Deploy model with tensorflow-serving

model_name="dummy_model_tfserv"
docker run --rm -p 8111:8501 --name "dc_${model_name}" -ti \
    --mount type=bind,source=$(realpath ./models/$model_name),target=/models/$model_name \
    -e MODEL_NAME=$model_name \
    -t tensorflow/serving:2.9.1

HTTP request

sample_data = {
    "dummy_1": [[2.0], [3.0]],
    "dummy_2": [[0.2], [0.3]],
    "dummy_3": [[0.1, 0.2, 0.3, 0.4], [0.4, 0.3, 0.2, 0.1]],
    "dummy_4": [[0.5, 0.6, 0.7, 0.8], [0.8, 0.7, 0.6, 0.5]],
}

sample_data_np = {
    k: np.array(v)
    for k, v in sample_data.items()
}

print("[DEBUG]", {k: (v.shape, v.dtype) for k, v in sample_data_np.items()})

# NOTE: This works
pred = model.predict(sample_data_np)
print(pred)
# ---

import requests

url = "http://localhost:8111/v1/models/dummy_model_tfserv:predict"

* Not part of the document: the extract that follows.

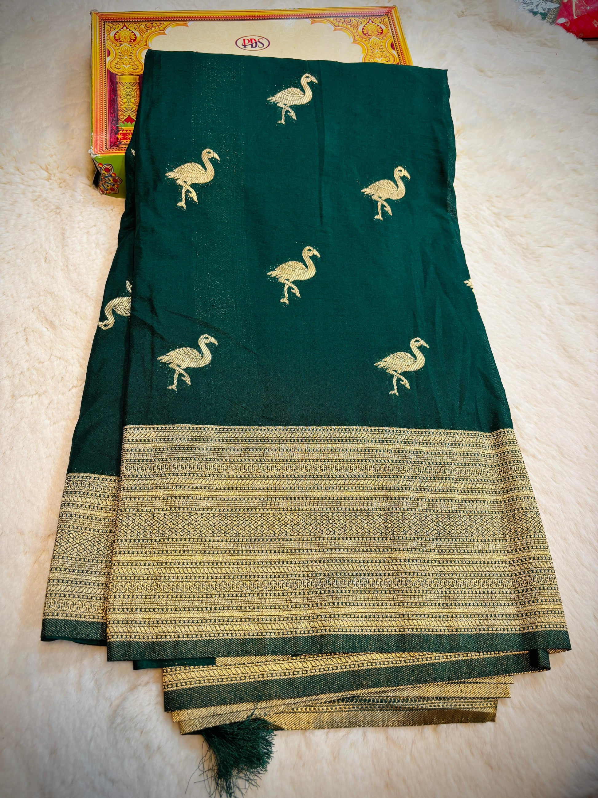 Raw Mango Pattu saree boasts exquisite all-over weavings, adding a touch of opulence to its timeless design. Handcrafted with precision, it offers a luxurious drape and is sure to make a statement at any occasion. Elevate your wardrobe with this high-quality, traditional garment.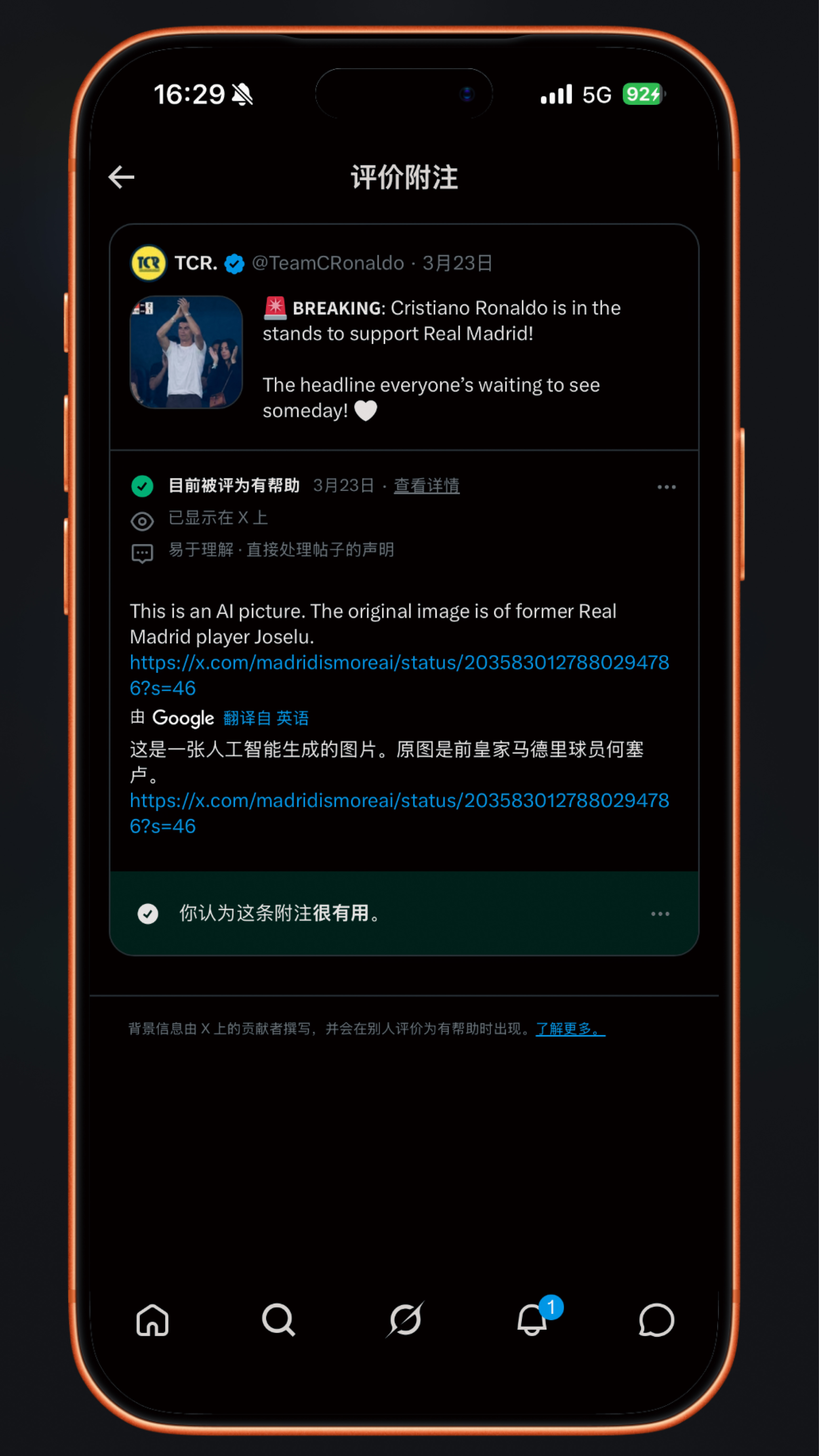 C罗并未观赛皇马 🛑 这两天,国内疯狂搬运外网TCR这则消息,称C罗现场观战了皇马的比赛,实则这则消息是TCR这个所谓的罗迷大粉用ai替换了前皇马球员何塞卢现场观战的脸。在我印象里,他有多次造谣罗哥的前科,然而依然有很多人进行转载并发布C罗观赛皇马的消息。事后TCR自己在附注里再次说明此为Ai制作,原图为前皇马球员何塞卢。C罗日常C罗 专栏 · C罗时刻❷ 专栏 · C罗谣言辟谣

headers = {"content-type": "application/json"}

# NOTE: This gives the error mentioned in the issue description
res = requests.post(url, json={"inputs": sample_data}, headers=headers)
print(res.status_code)
print(res.json())
# ---

Tried with the different versions and found that this works with 2.9.3 and beyond but does not work with 2.9.2 and before. For now, closing this issue and it seems to be fixed.